HOW TO COMPLETE THIS TASK: Please transcribe the data exactly as shown, skipping the images.

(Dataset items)
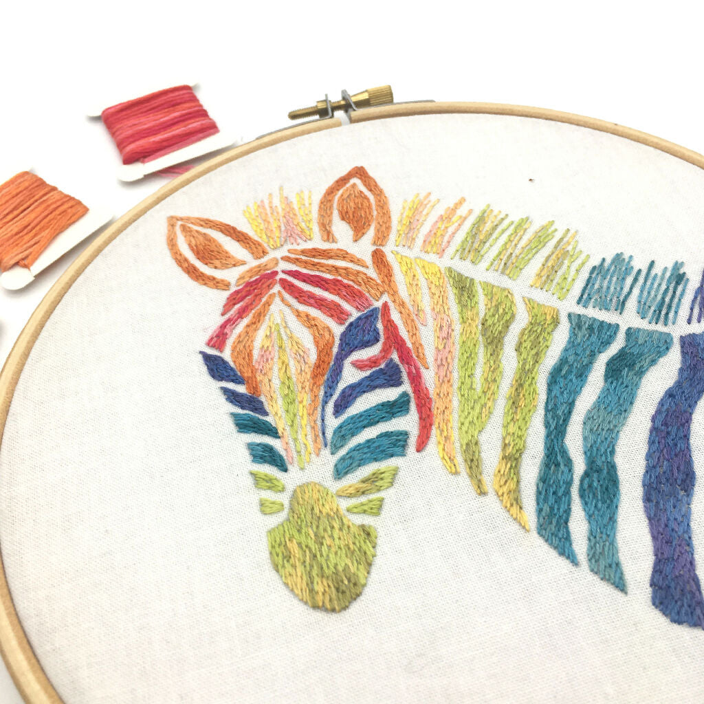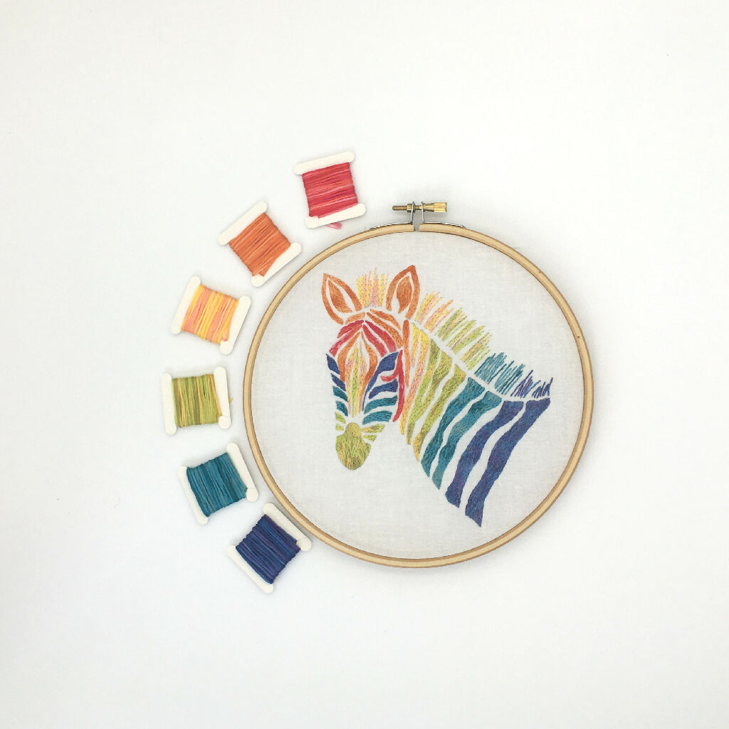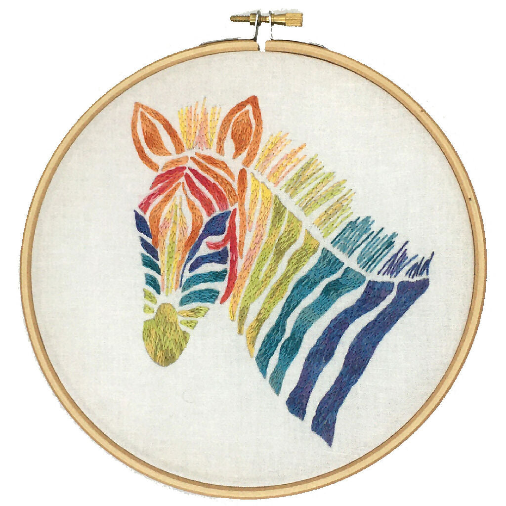 Stitch your own Rainbow Zebra with this embroidery kit from Cinnamon Stitching.
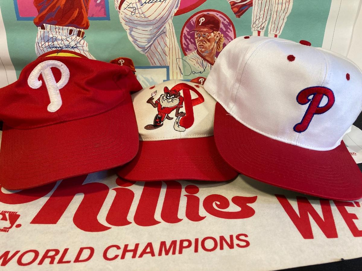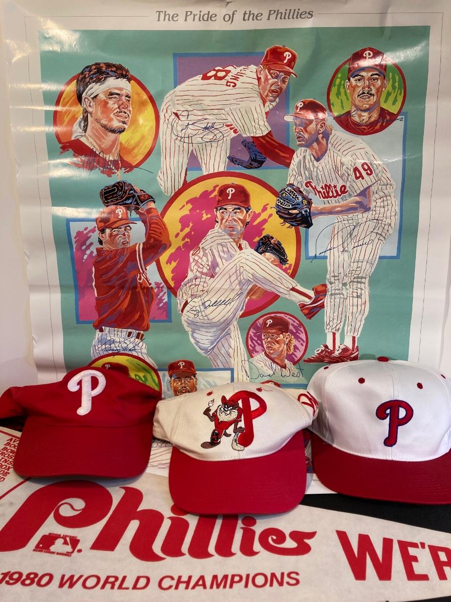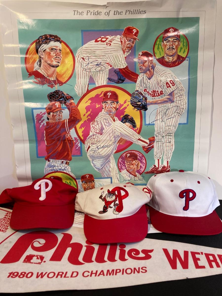 LOT 11J: Philadelphia Phillies Memorabilia - Poster, Hats and 1980 Pennant
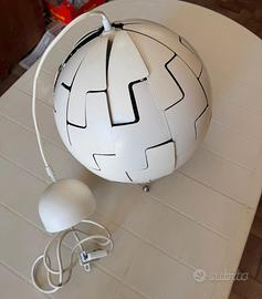 Lampada a sospensione IKEA PS 2014, colore bianco/argento, apribile con i due cordoncini inferiori per modificare la forma e l'intensità luminosa.
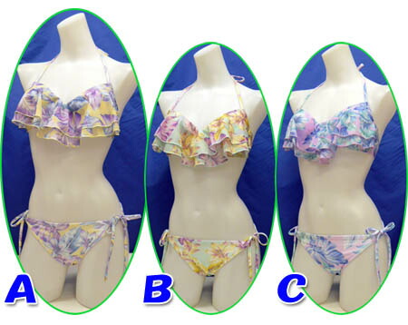 水着 レディース 送料無料 ビキニ 2点セット 7S/9M LIP SERVICE リップサービス バンドゥ ワイヤー2点セット 日本製 女性用 フリル 花柄 黄/緑/ピンク (ys030)
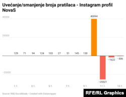 Lažni Instagram profili gase kritičke glasove u Srbiji - Instragram stranice više od dvadeset medija, organizacija i pojedinaca u Srbiji suspendovane su ili ugašene 18. januara nakon što je u kratkom vremenskom periodu došlo do naglog povećanja broja njihovih pratilaca. Kompanija Meta, koja je vlasnik Instagram i Fejsbuk platforme, to tumači kao sumnjive aktivnosti, što za posljedicu ima suspenziju ili trajno gašenje naloga. Analiza Radija Slobodna Evropa pokazuje da je riječ o lažnim pratiocima, a udruženja novinara i civilne organizacije sumnjaju da je u pitanju planirana akcija, s namjerom da ograniči domet medija koji nisu pod kontrolom vlasti.
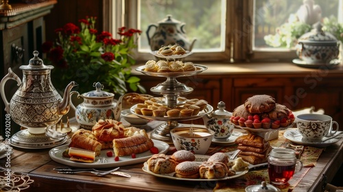 shot, traditional, russian, tea, table, assort, pastry, samovar, set, invite, vase, homelike, cookery, teapot, afternoon, window, flower, cosy, comfort, time, delight, feast, cookie, butter, party, home, jelly, napkin, service, attracted, saucer, art, russia, sugar, ambience, design, display, good, sweet, kitchen, culture, social, richness, treat, bake, puckered, sunlight
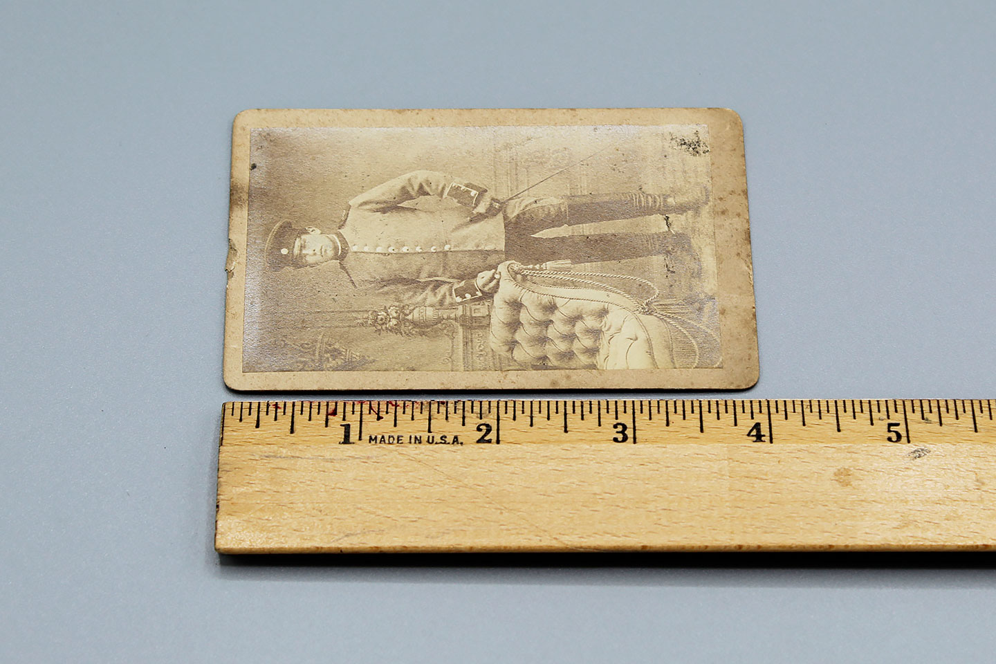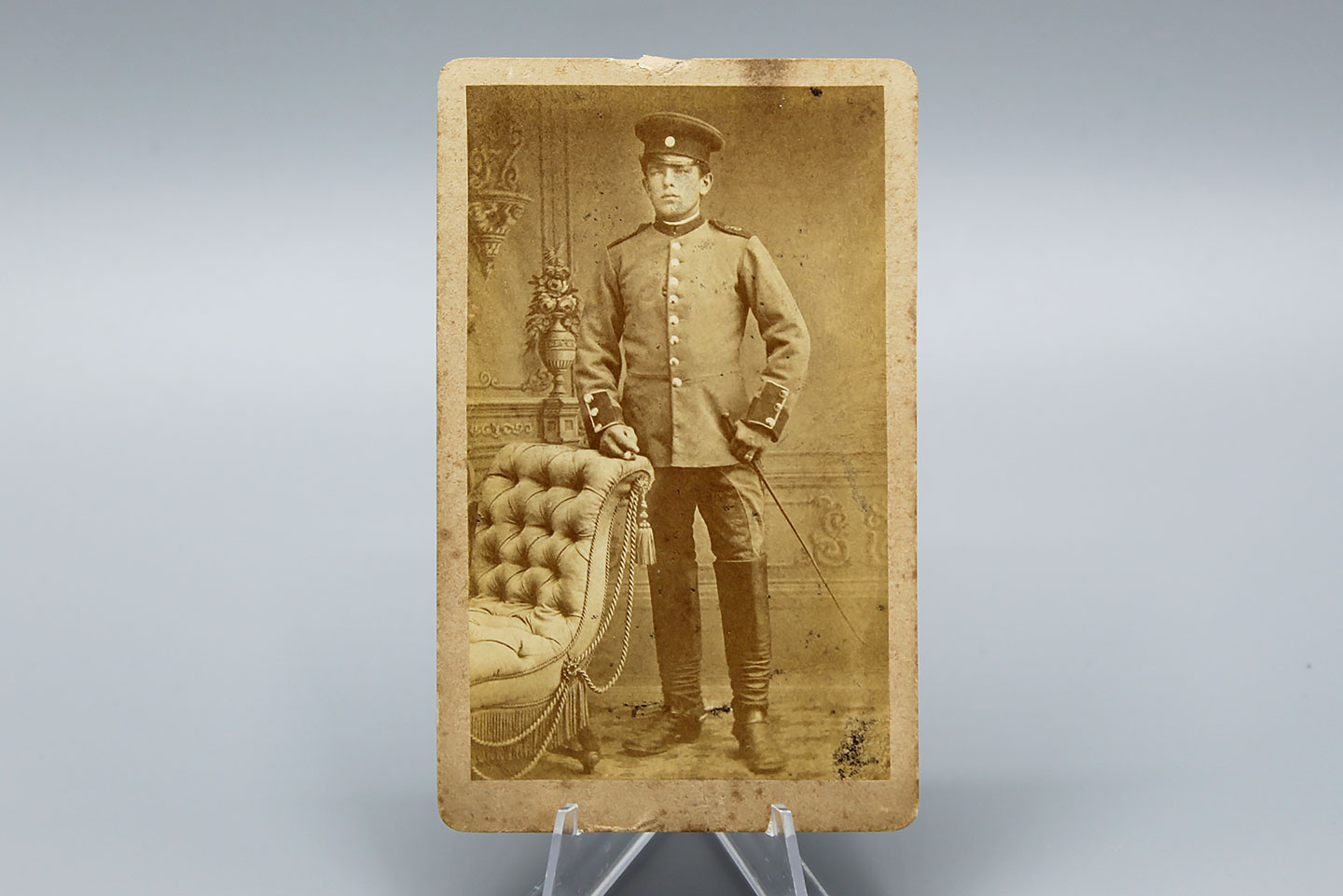 Imperial German soldier small cabinet card. Soldier in uniform w/sword. Size approximately 2 1/2 inches X 4 inches. Used and worn condition.
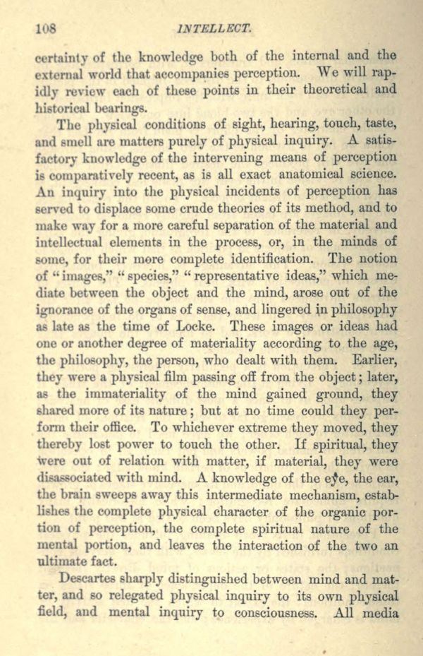 The physical conditions of sight, hearing, touch, taste, and smell are matters purely of physical inquiry. A satisfactory knowledge of the intervening means of perception is comparatively recent, as is all exact anatomical science. An inquiry into the physical incidents of perception has served to displace some crude theories of its method, and to make way for a more careful separation of the material and intellectual elements in the process, or, in the minds of some, for their more complete identification. The notion of "images," "species," "representative ideas," which mediate between the object and the mind, arose out of the ignorance of the organs of sense, and lingered in philosophy as late as the time of Locke. These images or ideas had one or another degree of materiality according to the age, the philosophy, the person, who dealt with them. Earlier, they were a physical film passing off from the object; later, as the immateriality of the mind gained ground, they shared more of its nature; but at no time could they perform their office. To whichever extreme they moved, they thereby lost power to touch the other. If spiritual, they were out of relation with matter, if material, they were disassociated with mind. A knowledge of the eye, the ear, the brain sweeps away this intermediate mechanism, establishes the complete physical character of the organic portion of perception, the complete spiritual nature of the mental portion, and leaves the interaction of the two an ultimate fact.

ANSWER FOR THE TASK:
 Stitch your own Rainbow Zebra with this embroidery kit from Cinnamon Stitching.
 LOT 11J: Philadelphia Phillies Memorabilia - Poster, Hats and 1980 Pennant
 Lampada a sospensione IKEA PS 2014, colore bianco/argento, apribile con i due cordoncini inferiori per modificare la forma e l'intensità luminosa.
 水着 レディース 送料無料 ビキニ 2点セット 7S/9M LIP SERVICE リップサービス バンドゥ ワイヤー2点セット 日本製 女性用 フリル 花柄 黄/緑/ピンク (ys030)
 Lažni Instagram profili gase kritičke glasove u Srbiji - Instragram stranice više od dvadeset medija, organizacija i pojedinaca u Srbiji suspendovane su ili ugašene 18. januara nakon što je u kratkom vremenskom periodu došlo do naglog povećanja broja njihovih pratilaca. Kompanija Meta, koja je vlasnik Instagram i Fejsbuk platforme, to tumači kao sumnjive aktivnosti, što za posljedicu ima suspenziju ili trajno gašenje naloga. Analiza Radija Slobodna Evropa pokazuje da je riječ o lažnim pratiocima, a udruženja novinara i civilne organizacije sumnjaju da je u pitanju planirana akcija, s namjerom da ograniči domet medija koji nisu pod kontrolom vlasti.
 shot, traditional, russian, tea, table, assort, pastry, samovar, set, invite, vase, homelike, cookery, teapot, afternoon, window, flower, cosy, comfort, time, delight, feast, cookie, butter, party, home, jelly, napkin, service, attracted, saucer, art, russia, sugar, ambience, design, display, good, sweet, kitchen, culture, social, richness, treat, bake, puckered, sunlight
 Imperial German soldier small cabinet card. Soldier in uniform w/sword. Size approximately 2 1/2 inches X 4 inches. Used and worn condition.
 The physical conditions of sight, hearing, touch, taste, and smell are matters purely of physical inquiry. A satisfactory knowledge of the intervening means of perception is comparatively recent, as is all exact anatomical science. An inquiry into the physical incidents of perception has served to displace some crude theories of its method, and to make way for a more careful separation of the material and intellectual elements in the process, or, in the minds of some, for their more complete identification. The notion of "images," "species," "representative ideas," which mediate between the object and the mind, arose out of the ignorance of the organs of sense, and lingered in philosophy as late as the time of Locke. These images or ideas had one or another degree of materiality according to the age, the philosophy, the person, who dealt with them. Earlier, they were a physical film passing off from the object; later, as the immateriality of the mind gained ground, they shared more of its nature; but at no time could they perform their office. To whichever extreme they moved, they thereby lost power to touch the other. If spiritual, they were out of relation with matter, if material, they were disassociated with mind. A knowledge of the eye, the ear, the brain sweeps away this intermediate mechanism, establishes the complete physical character of the organic portion of perception, the complete spiritual nature of the mental portion, and leaves the interaction of the two an ultimate fact.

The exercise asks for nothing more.